Our Reflection on Tuesday’s Reading:
The Spirit of the Lord shall rest upon him: a Spirit of wisdom and of understanding.  Isaiah 11:2

Today’s readings reference the sometimes-forgotten member of the Holy Trinity—the Holy Spirit.  In the first reading, Isaiah predicts the coming of the Messiah and mentions that the Spirit of the Lord will be with him.  The gospel writer says that Jesus rejoiced in the spirit.  While the Spirit is mentioned in the Creed and many other prayers in the Catholic Church, I hear few homilies referencing the Spirit and generally little discussion of the role of the Spirit in our daily lives.  When people speak of their faith, they often discuss God or invoke the name of Jesus, but the Holy Spirit is the unsung hero of Christianity and is key to our faith. 

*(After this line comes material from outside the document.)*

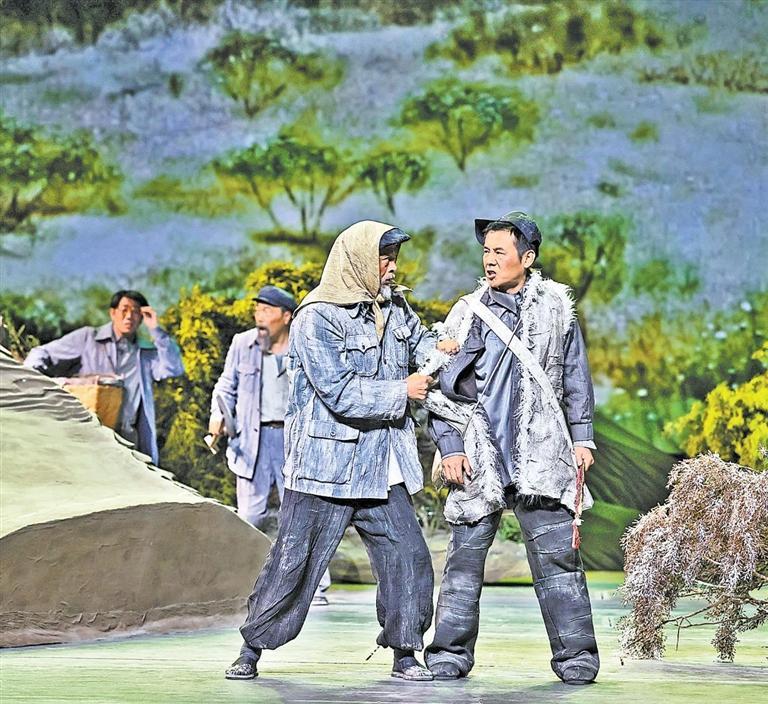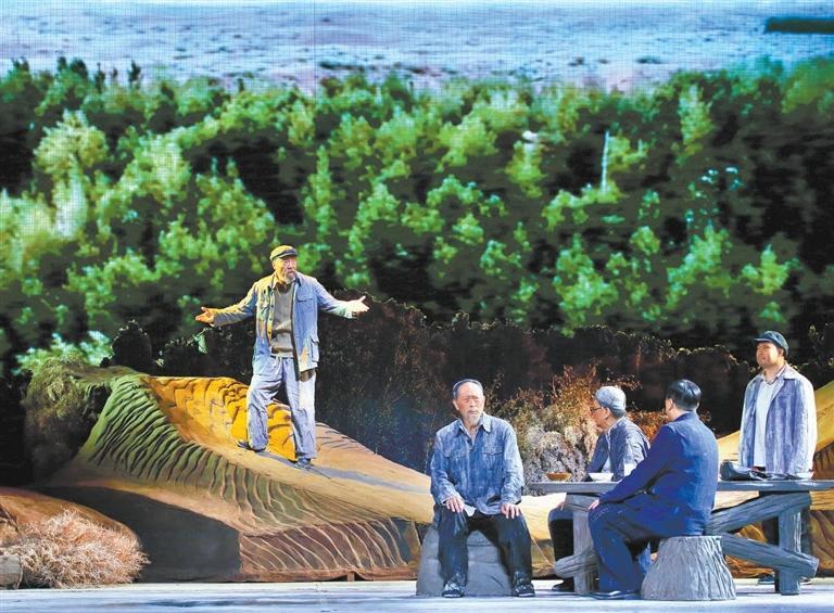 現(xiàn)實題材是話劇藝術(shù)的寵兒,在話劇進入中國一百多年的時光中,現(xiàn)實題材創(chuàng)作占據(jù)相當大的比例。在近當代中國歷史的進程中,話劇始終起著敢為天下先、針砭時弊的作用,但話劇又有其極其特殊的藝術(shù)框范。人們在觀看話劇時,仿佛就是在觀看自己的人生,觀看自己和身邊最熟悉的人們,這是話劇藝術(shù)獨具的極高的審美要求。尤其是現(xiàn)代題材的創(chuàng)作,稍有不慎便會陷入同質(zhì)化的僵硬模式,使舞臺藝術(shù)失去應有的美感。話劇《八步沙》讓6個老漢成為舞臺聚光燈下的主角,體現(xiàn)了創(chuàng)作者們呼應時代之需,為最普通的農(nóng)民寫生立傳的拳拳之心。6個老農(nóng)民談不上人們通常意識中的“美”,“治沙”這樣的故事也相對比較單調(diào),不大容易出彩,而創(chuàng)作者們以八步沙這個真實的地名作為劇名,以“六老漢”治沙這個真實的事件作為全劇的敘述內(nèi)容,卻能宕開一筆把特定的外部環(huán)境與人物的內(nèi)心世界巧妙地融為一體,為全劇注入了濃郁飽滿的戲劇情境和情感,使這部話劇有了獨屬于自己的一份力度、一份無法替代的光彩。全劇的情節(jié)一曲三折,以小見大,當黑壓壓的沙塵暴鋪天而來的時候,當六老漢在嚴酷的環(huán)境中吃盡苦頭,摸索出“一棵樹,一把草,壓住沙子防風掏”的寶貴經(jīng)驗,使漫無邊際的沙漠終于出現(xiàn)一抹綠色,繼而眼看著一棵又一棵綠樹成活成林,終于成為一片綠洲的時候,我相信觀眾的心也被藝術(shù)琴弦撥動,始終被劇情牽著走,為劇中人物的命運擔心、懸心、痛心、開心,從中深深地感受到劇中所蘊藏的豐富內(nèi)涵和它所傳達出的真切意趣。

God is the Father.  Jesus is the Son who walked among us.  Then there’s the Spirit.  Jesus was conceived by the Spirit.  The Spirit descended upon Jesus when he was baptized in the Jordan River and later upon the Apostles at Pentecost.  In the scriptures, the Spirit is depicted as a dove, a wind, a cloud, fire, a breath or even as love itself. In Romans, Saint Paul talks about the Spirit interceding for us in heaven and giving us life.  Isaiah says that the Spirit gives wisdom and understanding.  In John, Jesus breathes on the disciples and tells them to receive the Holy Spirit.

Thomas Merton, the monk turned theologian, echoes this when he talks about finding the spirit in his breath.  Maybe he came to this conclusion because the Hebrew word for spirit is the same word as breath.  The number of metaphors required to try to describe the Spirit shows that it has always been hard to explain, even for the prophets and theologians.  The Spirit gives us life, intercedes for us in heaven, gives us wisdom and understanding, wipes away our sins during baptism and yet still is often overlooked.

Personally I find Merton’s comparison the most intriguing.  Breathing, like the Spirit, is something so simple and unconscious, but necessary for life.  But Merton is not just using this as a metaphor to understand the Spirit, but as a way to be in the Spirit and have it within us. 

Today, as you journey into Advent, take a moment to breathe in the Holy Spirit.  Know that the Spirit of God is in you and gives you life.